◆ **The data**:
━━━━━━━━━━

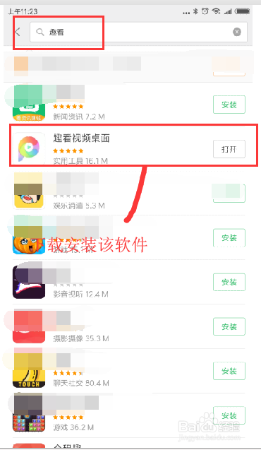 然后打开我们手机自带的应用商城或者是你本身下载的手机应用商城都可以,在应用商城的搜搜框中输入关头字“趣看”,在呈现的手机软件中找到“趣看视频桌面”这个软件,单击下载进行安装。
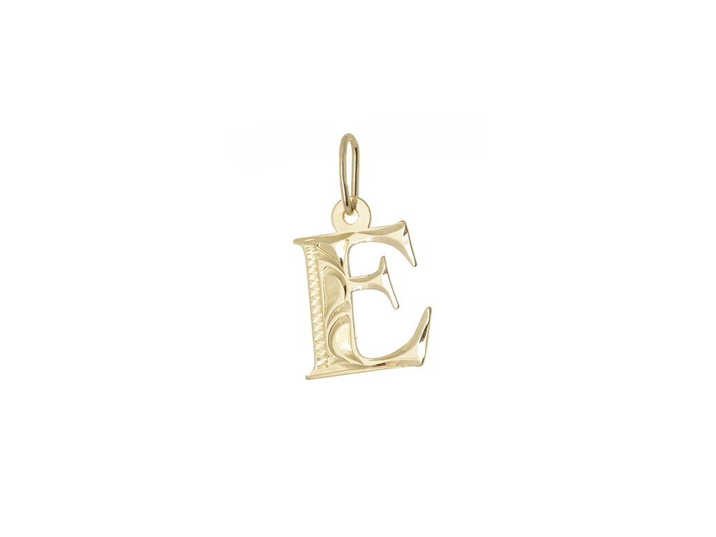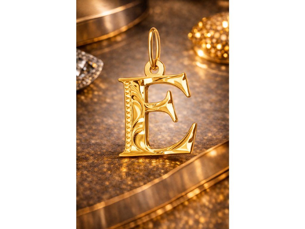 Elegantní zlatý přívěsek ve tvaru písmene E, jehož čelní strana je precizně zdobena zářivou rytinou.
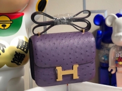 Hermès(爱马仕)Constance 18cm Ostrich kk 鸵鸟 葡萄紫 金扣 顶级手缝 现货

━━━━━━━━━━

◆ **What you will do**: Output the data above exactly. Drop every picture.

◆ **Result of this exercise**:
 然后打开我们手机自带的应用商城或者是你本身下载的手机应用商城都可以,在应用商城的搜搜框中输入关头字“趣看”,在呈现的手机软件中找到“趣看视频桌面”这个软件,单击下载进行安装。
 Elegantní zlatý přívěsek ve tvaru písmene E, jehož čelní strana je precizně zdobena zářivou rytinou.
 Hermès(爱马仕)Constance 18cm Ostrich kk 鸵鸟 葡萄紫 金扣 顶级手缝 现货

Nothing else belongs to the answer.